Conformément au modèle médical sous-jacent à leurs propos, les étudiants adoptent un point de vue intra-personnel du handicap ou des difficultés. Il n’est donc pas étonnant d’observer la faible occurrence des termes du bloc situation et contexte, tant en réaction aux expressions que dans l’étude de cas. Tel n’est toutefois pas le cas pour les enfants handicapés ou en situation de handicap. La fréquence des termes du bloc problèmes et symptômes y est moins élevée, alors que celle du bloc situation et contexte l’est beaucoup plus. Ainsi, pour le handicap, le rapport observé entre ce qui est intra et extra personnel supporte davantage la prise en compte du contexte dans lequel les difficultés de l’enfant se présentent. Cela n’est pas sans conséquences, Jordan, Lindsay et Stanovich (1997) ayant observé que les enseignants qui adoptent un modèle intra-personnel sont moins confiants quant à leurs habiletés à intervenir auprès des élèves en difficulté et aussi moins enclins à adopter des interventions efficaces. Selon eux, ces enseignants interagissent moins avec ces élèves car ils les voient «comme la source du problème et croient qu’ils sont insuffisamment outillés pour répondre» (p. 92) à leurs demandes et exigences. Ainsi, si les enfants handicapés sont susceptibles de profiter du point de vue contextuel porté sur leur situation, il serait souhaitable que les étudiants soient aussi sensibilisés à cette même façon de voir en ce qui concerne les enfants en difficulté ou à besoins éducatifs particuliers. Cette divergence de réaction de la part des étudiants, selon qu’ils sont confrontés à des élèves en difficulté ou handicapés (voir analyse du tableau 1, ci-dessus), mérite qu’on y porte attention : elle pourrait confirmer l’existence d’une scission « originelle » entre deux types représentations, les une référant au champ de la difficulté et les autres à celui du handicap. On peut alors à la suite de Mazereau (2011) faire l’hypothèse que cette partition entre deux types de représentations est à la fois structurante de la formation et des gestes professionnels des nouveaux enseignants.

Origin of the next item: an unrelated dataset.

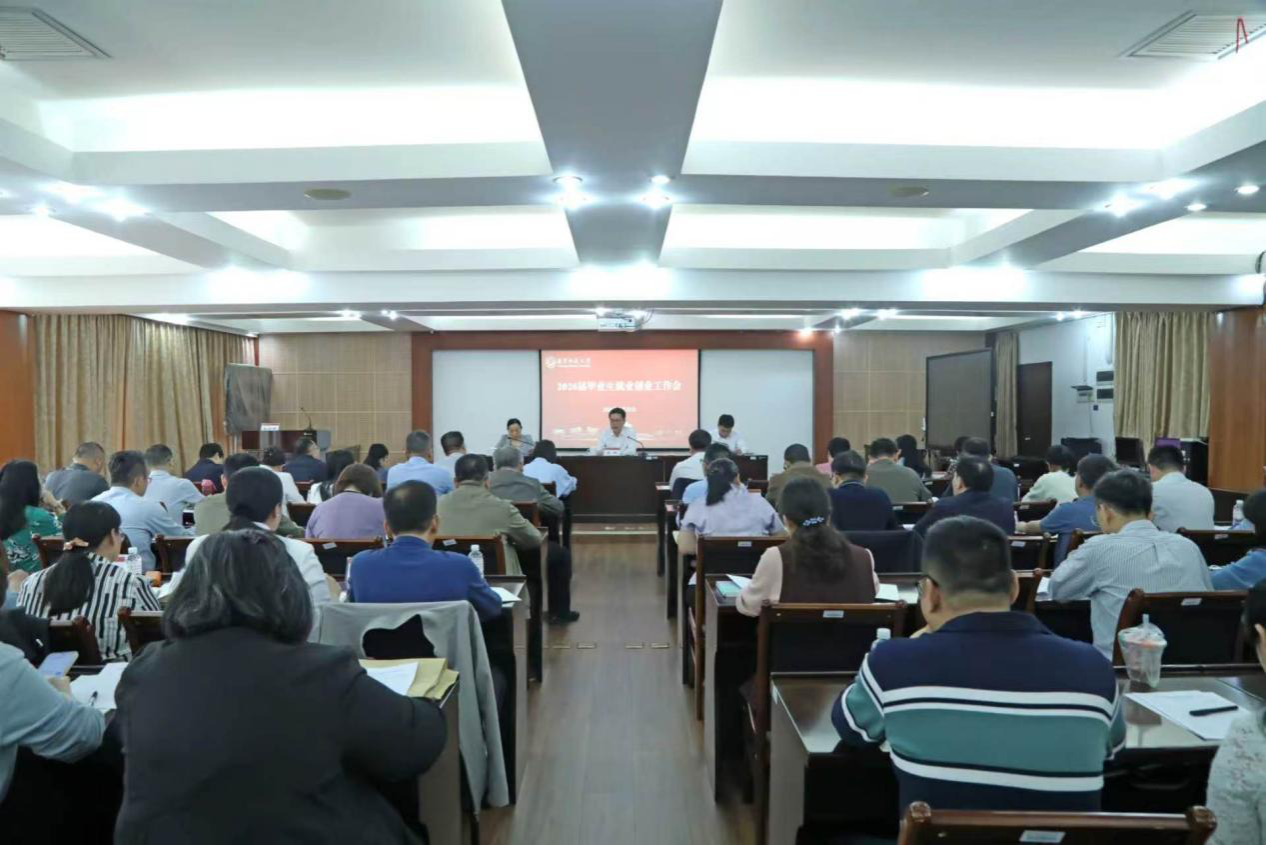 3月25日,完美(中国)在明秀校区召开2026届毕业生就业创业工作会。会议旨在深入贯彻落实国家和自治区关于高校毕业生就业工作的决策部署,分析研判当前就业形势,并对春季促就业攻坚行动进行再动员、再部署。完美官方在线入口党委书记张鹏,副校长肖琦、龙妮娜出席会议,会议由肖琦副校长主持。

Les étudiants utilisent assez fréquemment les termes qui réfèrent à la différence des enfants handicapés ou en difficulté, ainsi qu’à la différenciation de l’aide à leur apporter. On observe cependant une distinction entre leurs réactions spontanées aux expressions étiquettes et celles relatives à l’étude de cas. Si cette terminologie semble bien intégrée dans leur langage, il apparaît que le transfert de ce point de vue dans leur façon d’envisager l’intervention reste à parfaire. Sur ce point, les fréquences observées au bloc inclusion et intégration, ajoutées à celles encore plus importantes du bloc aide et intervention, s’avèrent des indices d’une prédisposition positive à venir en aide à ces élèves. Ainsi, dans la mesure où la formation universitaire prend la différenciation pour cible, ce qui est désirable en contexte d’inclusion scolaire, une réception favorable de la part des étudiants peut être anticipée. Quant à la pertinence de cette avenue de formation, Boutin et Bessette (2009), dans leur ouvrage synthèse sur l’intégration et l’inclusion scolaire, précisent que «la gestion de la diversité devient le cœur des préoccupations de l’enseignant qui intègre des élèves en difficulté dans sa classe» (p. 38).